Free: The Future of a Radical Price
- Hardcover edition
- Author: Chris Anderson
- Language: English
- Subject: Pricing, e-commerce
- Genre: Non-fiction
- Publisher: Hyperion
- Publication date: July 7, 2009
- Publication place: United States
- Pages: 288 pp.
- ISBN: 978-1401322908
- Preceded by: The Long Tail
- Followed by: Makers

= Free (Anderson book) =

2009 economics book by Chris Anderson

Free: The Future of a Radical Price is the second book written by Chris Anderson, editor-in-chief of Wired magazine. The book was published on July 7, 2009, by Hyperion. Free is Anderson's follow-up to his book The Long Tail, published in 2006.

==Overview==
Free follows a thread from the previous work. It examines the rise of pricing models which give products and services to customers for free, often as a strategy for attracting users and up-selling some of them to a premium level. That class of model has become widely referred to as "freemium" and has become very popular for a variety of digital products and services.

==Release==
Free was released in the United States on July 7, 2009, though the night before, on his blog, Chris Anderson posted a browser readable version of the book and the unabridged audiobook version.
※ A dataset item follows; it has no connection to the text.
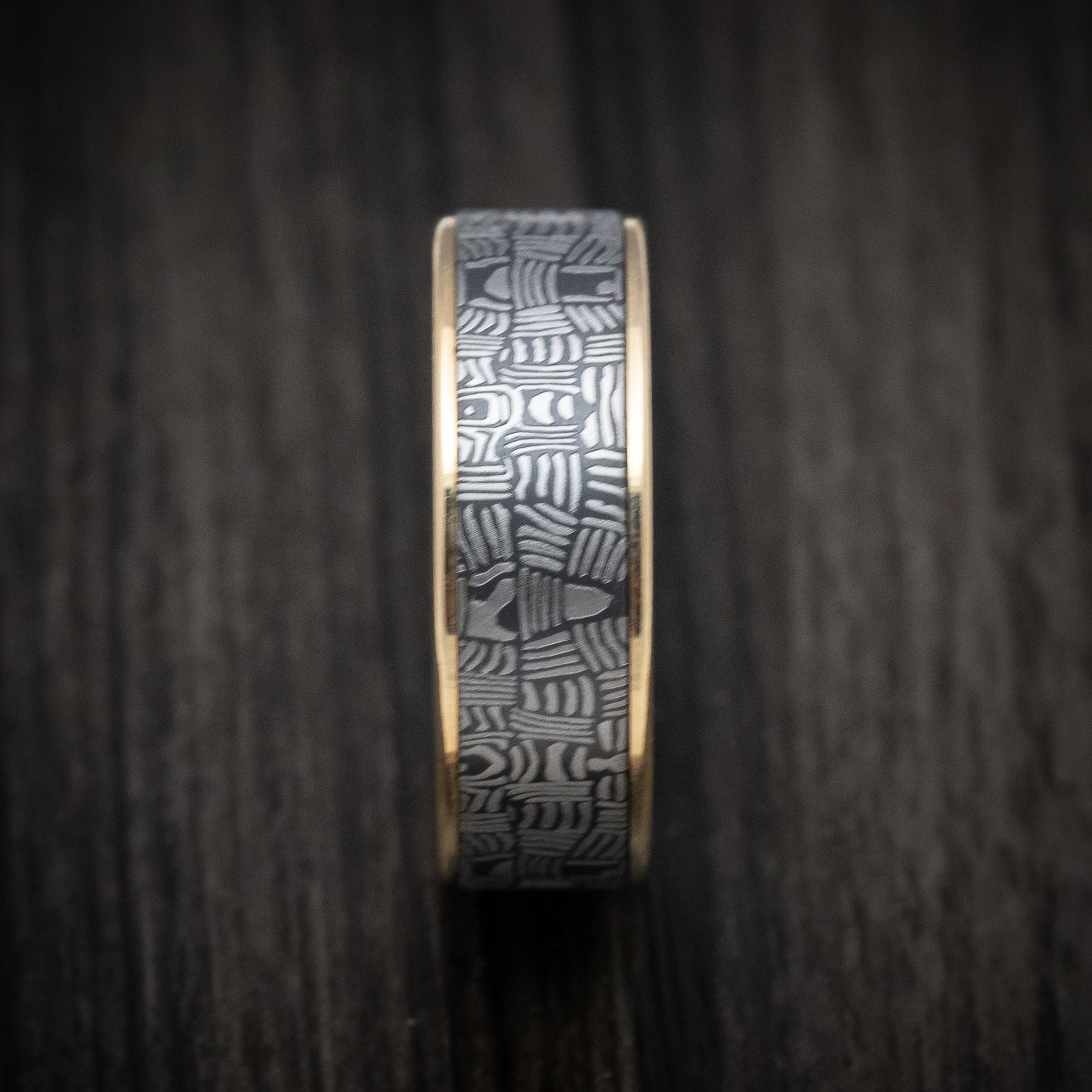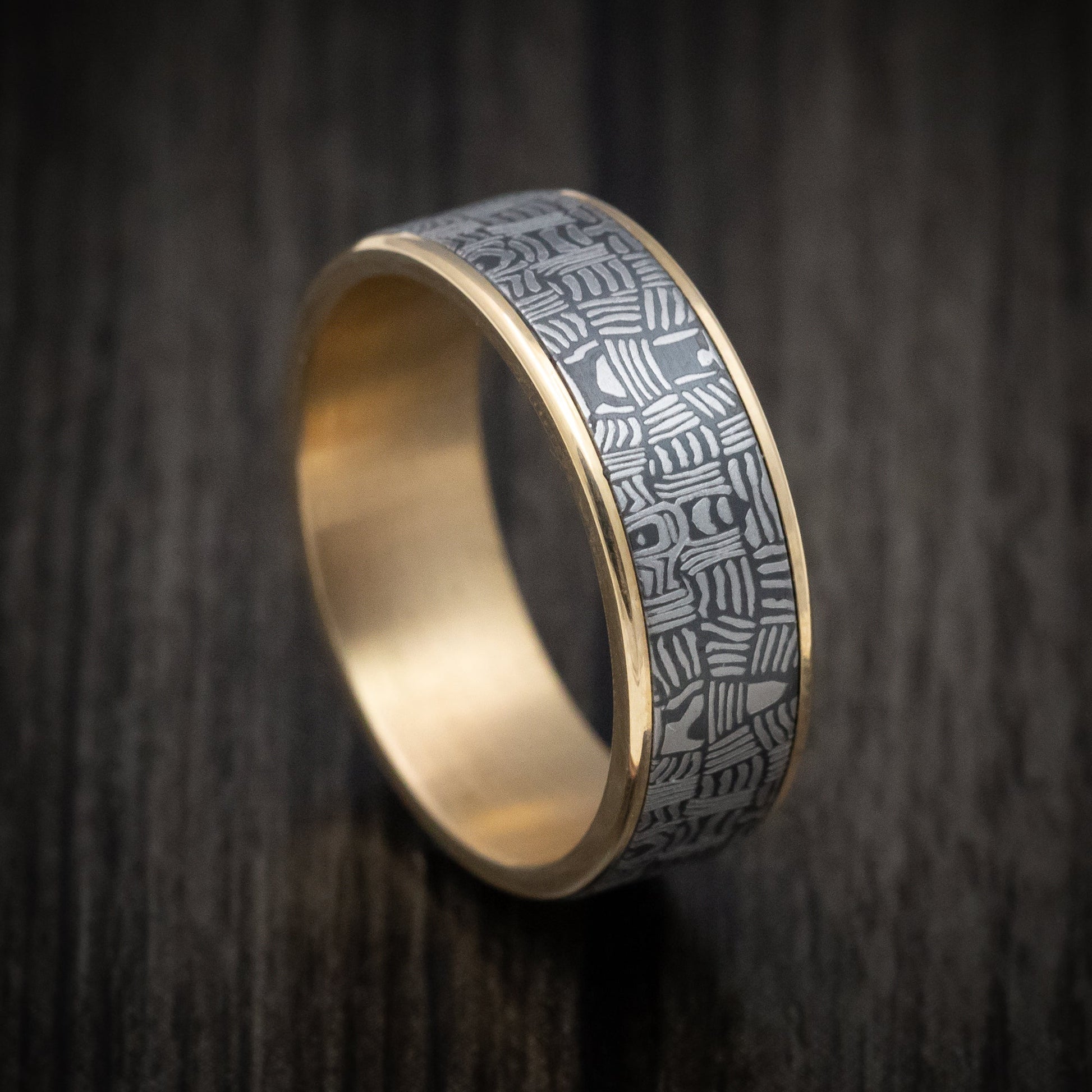 Tamascus+ Tantalum and 14K Gold Men's Ring Basketweave Pattern Custom Made Band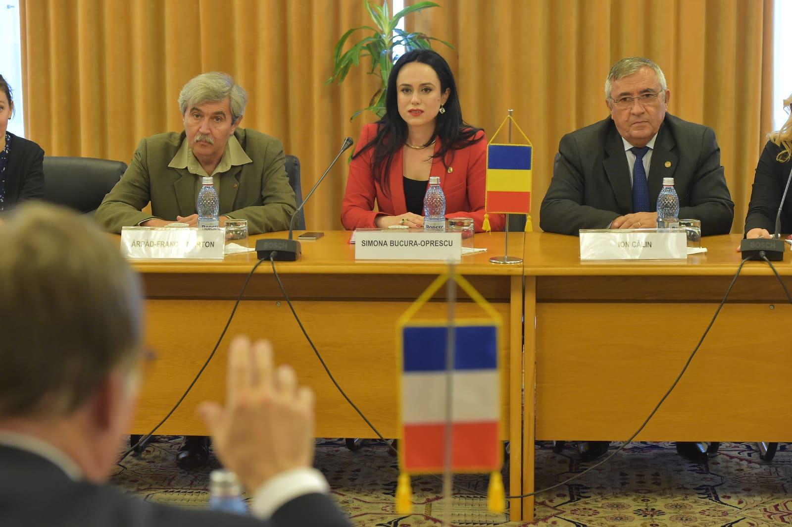 Simona Bucura-Oprescu a salutat prezența oaspeților francezi la Camera Deputaților. “Această vizită are loc într-un moment deosebit al relațiilor dintre cele două țări: aniversarea în acest an a 10 ani de la semnarea Declaraţiei de Parteneriat Strategic, lansarea Sezonului România-Franţa, celebrarea Centenarului Marii Uniri, 25 de ani de francofonie instituționalizată, dar și 50 de ani de investiții franceze în România, care au început la fabrica Dacia. Relațiile dintre România și Franța sunt relații de prietenie statornică și corectă, dar și de prietenie privilegiată”, a precizat deputatul Simona Bucura-Oprescu, care a amintit totodată contribuția acțiunilor de diplomație parlamentară în susținerea acestor legături bilaterale. În acest sens, domnia sa a evocat vizita la București a delegației Grupului parlamentar de prietenie Franța – România din Adunarea Națională Franceză, din luna iunie 2018, care a contribuit la consolidarea dialogului bilateral parlamentar pe teme specifice, cum ar fi viitorul politicilor europene, în contextul deținerii de către România a Președinției Consiliului UE în 2019.

Anderson generated controversy for plagiarizing content from the online encyclopedia Wikipedia in Free. Anderson responded to the claim on his The Long Tail blog, stating that there were disagreements between him and the publisher over accurate citation of Wikipedia due to the changing nature of its content, leading him to integrate footnotes into the text. Also on his blog, he took full responsibility for the mistakes and noted that the digital editions of Free were corrected. The notes and sources were later provided as a download on his blog.

==Reception==
Despite the controversy, the $29.99 hard copy version of Free debuted at #12 on the New York Times Best Seller List. It was also available as a free download for a limited time, and 200,000 to 300,000 digital versions were downloaded in the first two weeks. The unabridged audiobook remains free, while the abridged version costs $7.49.

In a review in The New Yorker, Canadian journalist Malcolm Gladwell roundly criticized the book's premise. Anderson responded online on his blog at Wired.com and on PBS's Charlie Rose show. The book was also reviewed in the New York Times and the Wall Street Journal.